In the preferred method of manufacturing the transducer, pressure is applied to the stacked laminate layers during the heating process (e.g. by a mechanical press, or by exposing the stacked laminate layers to a increased barometric/ambient pressure, etc.) in order to enhance the integrity of the adhesion of the various laminate layers to each other. However, it is within the scope of the present manufacturing method to construct a snap action transducer substantially as described without exposing the laminate layers to outside pressure during the heating step of the manufacturing process.
Referring now to FIGS. 1 and 5: After the snap-action ferroelectric transducer 10 has been constructed in accordance with the foregoing process, the transducer 10 normally assumes a dome shape having an exposed concave surface 10b formed by the spring member 26. If no voltage is applied to the two electroplated surfaces 14 of the electroactive element 12 the transducer is biased to remain in this configuration/shape (i.e. having a convex face 10b on the exposed surface of the spring member 26) as illustrated in FIG. 1. This configuration/shape is referred to herein as the "first neutral position" of the transducer 10.
If a relatively small voltage is applied to the two electroplated surfaces 14 of the electroactive element 12, the electroactive element 12 will piezoelectrically expand or contract in a direction perpendicular to its opposing major faces 12a and 12b, depending on the polarity of the voltage being applied.

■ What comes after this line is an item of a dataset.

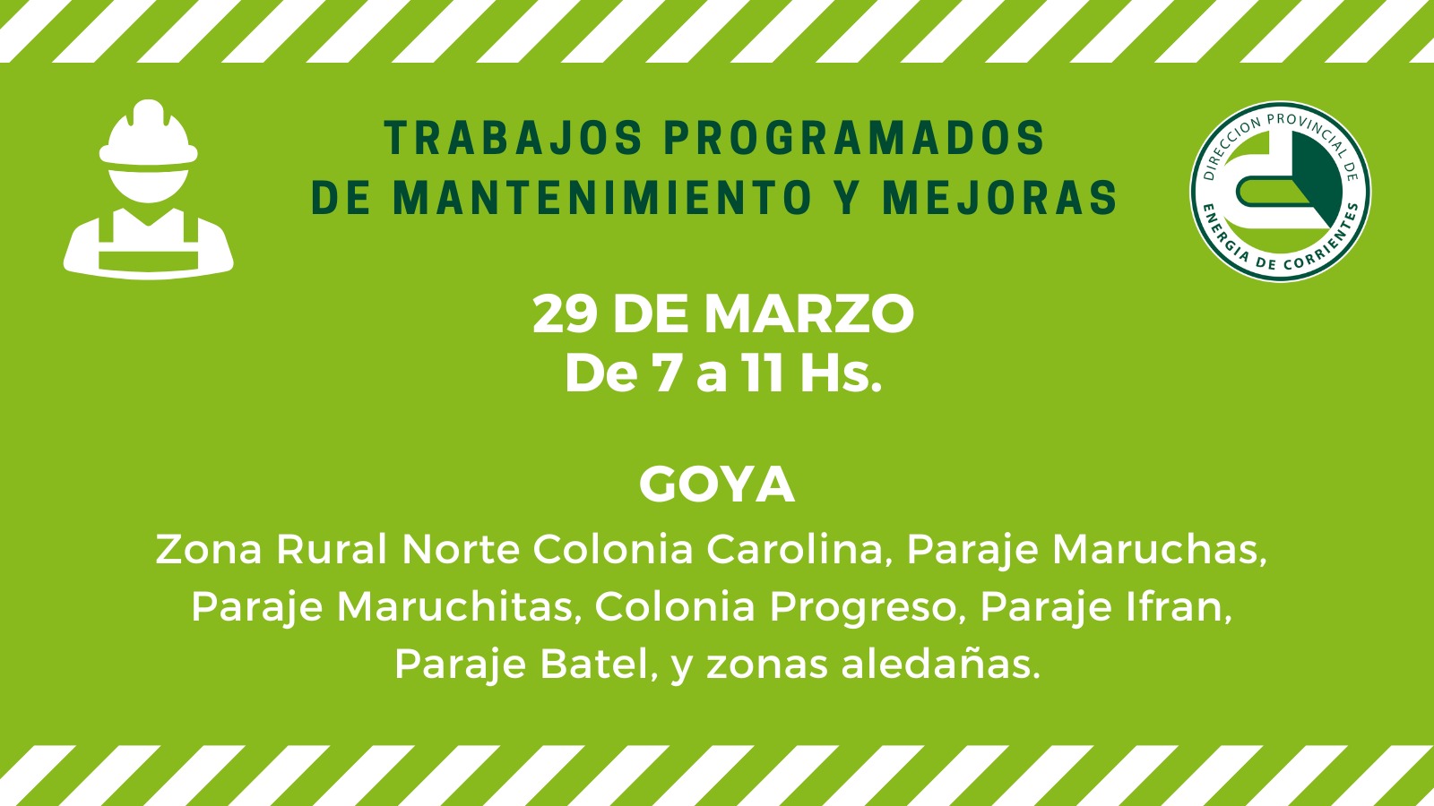 En primer lugar, para ejecutar tareas de construcción de Subestación Transformadora Aérea, este sábado se cortará el servicio en Goya, de 7 a 11 horas. Afectará específicamente a Colonia Carolina, Colonia Progreso, y parajes Maruchas, Maruchitas, Ifrán, Batel y áreas de influencia.
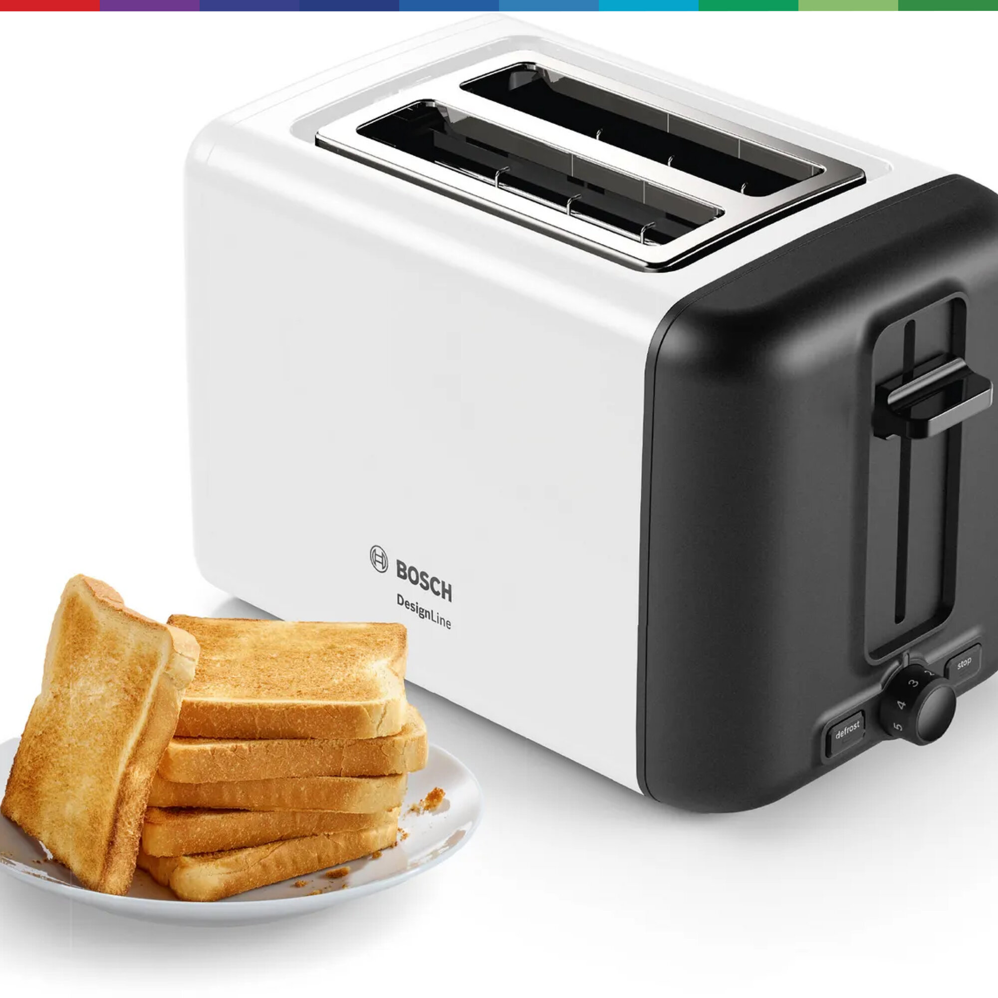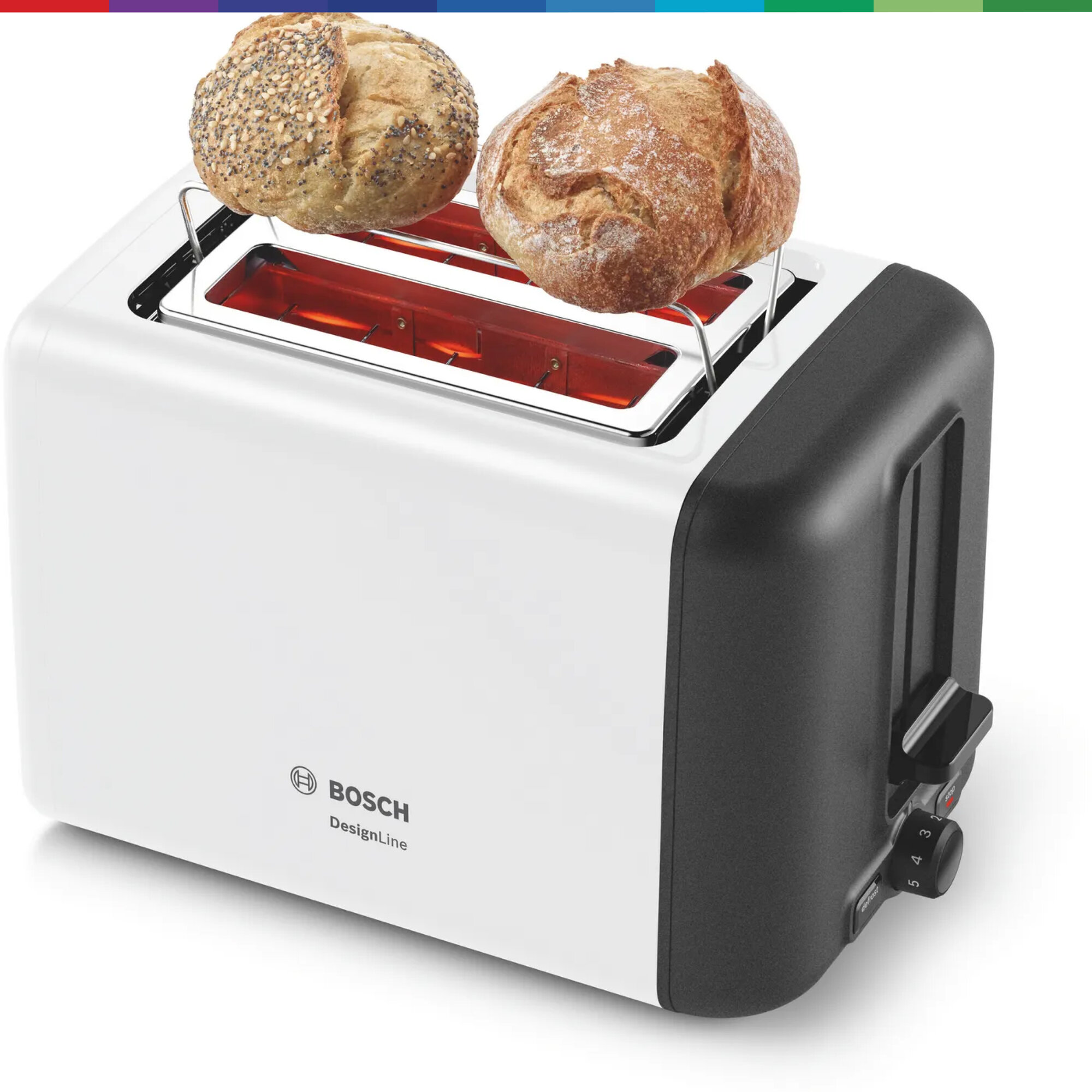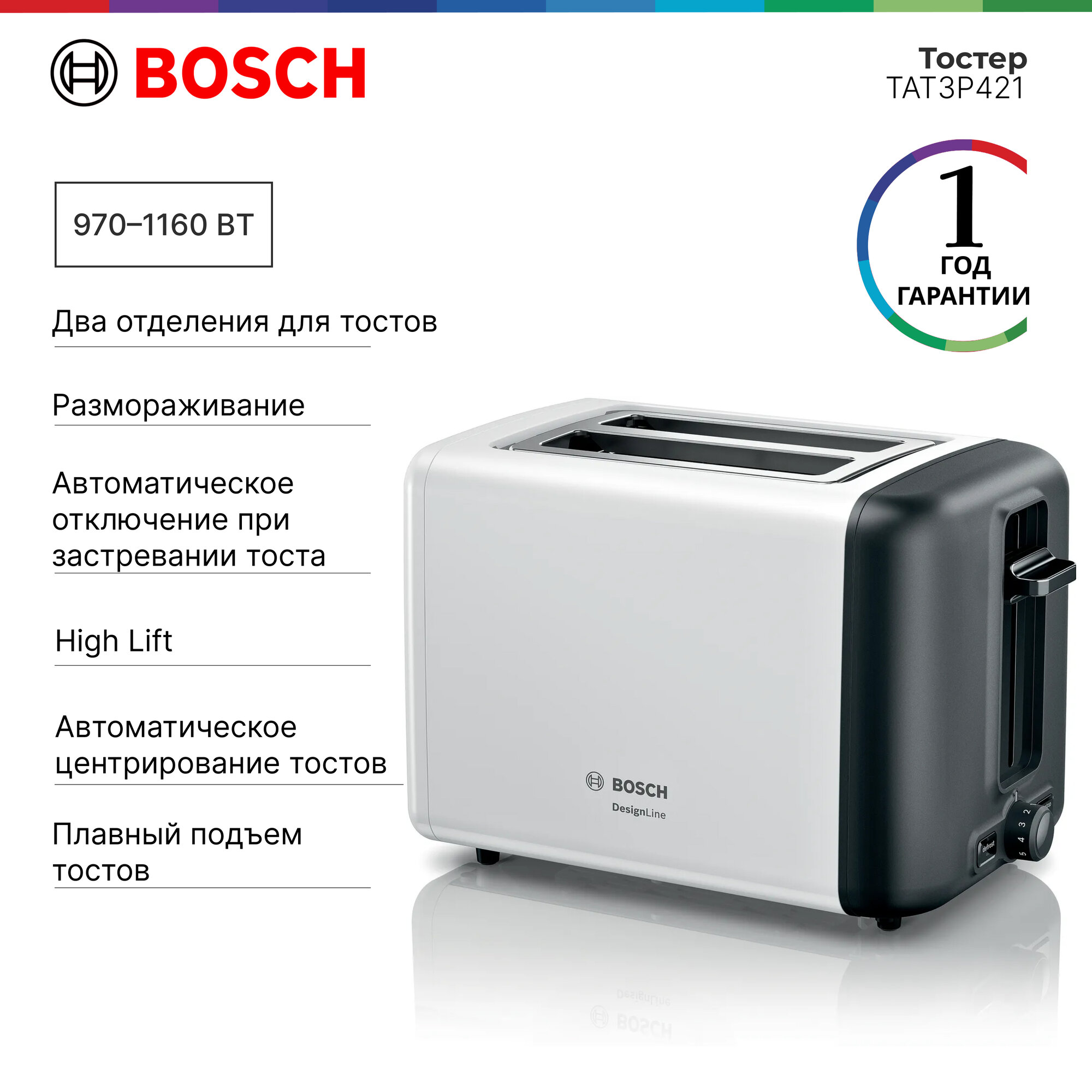Страна производства: Китай. Товар новый в заводской упаковке. Тостер Bosch Tat3P421 оснащен автоматическим центрированием тостов и системой High Lift, которая позволяет легко вытащить даже небольшие кусочки хлеба без риска обжечься. Идеально подойдет для легких перекусов или завтраков. Способен не только обжаривать, но и размораживать. Для большего удобства тостер снабжен поддоном для крошек и автоматическим отключением через некоторый промежуток времени. Есть подставка для подогрева булочек. А нейтральный дизайн тостера Bosch Tat3P421 позволяет разместить его практически в любом современном интерьере. Информация с сайта производителя. Характеристики: EAN: 4242005246854 Тип: тостер Мощность: 970 Вт Количество тостов: 2 Количество отделений (слотов): 2 Тип управления: механическое Регулировка степени обжаривания: да Автоцентрирование тостов: да Кнопка отмены: да Плавная регулировка температуры: да Функция размораживания: да Автоматическое поднятие тостов: да Решётка для подогрева булочек: да Съёмный поддон для крошек: да Материал корпуса: металл Цвет: белый Высота: 19.5 см Ширина: 30 см Глубина: 17 см Вес нетто: 1.7 кг Гарантия: 12 мес Одностороннее обжаривание: нет Страна-производитель: Китай

Because of the relatively greater combined tensile strength of the laminate layers (i.e. the second aluminum layer 22, the second and third adhesive layers, and the spring member 26) bonded to one side of the electroactive element 12 than on the other (i.e. the first adhesive layer 66 and the first aluminum layer), piezoelectric longitudinal expansion of the electroactive element 12 causes the radius of the curvature R1 of the transducer 10 to become smaller. Conversely longitudinal contraction of the electroactive element 12 causes the transducer 10 to flatten out (i.e. the radius of curvature R1 of the transducer becomes larger). Thus it will be understood that the radius of curvature R1 of the transducer can be slightly increased or decreased (depending on the polarity of the applied voltage) by applying a small voltage to the transducer 10 from the voltage source 30 via wires 28 and 29.
For a transducer 10 which is initially in the "first neutral position" (as illustrated in FIG. 1) the radius of curvature can be slightly increased (i.e. causing the device to flatten out) by applying a relatively small voltage (a "first" polarity) to the electrodes 14 of the transducer. If the voltage is subsequently interrupted the transducer will once again assume (or, more accurately, be biased to assume) the "first neutral position". Similarly, for a transducer 10 which is initially in the "first neutral position" (as illustrated in FIG. 1) the radius of curvature can be slightly decreased by applying a relatively small voltage of opposite (a "second") polarity to the electrodes 14 of the transducer. If the voltage is subsequently interrupted the transducer will once again assume the "first neutral position". The "first neutral position" of the transducer 10 is characterized as being the position/configuration that the transducer 10 assumes under zero voltage input (absent the application of any external forces) whenever a plane (e.g. plane A) which intersects at least two diametrically opposed points on the perimeter 26a of the spring member 26 faces the concave face 10b of the spring member 26.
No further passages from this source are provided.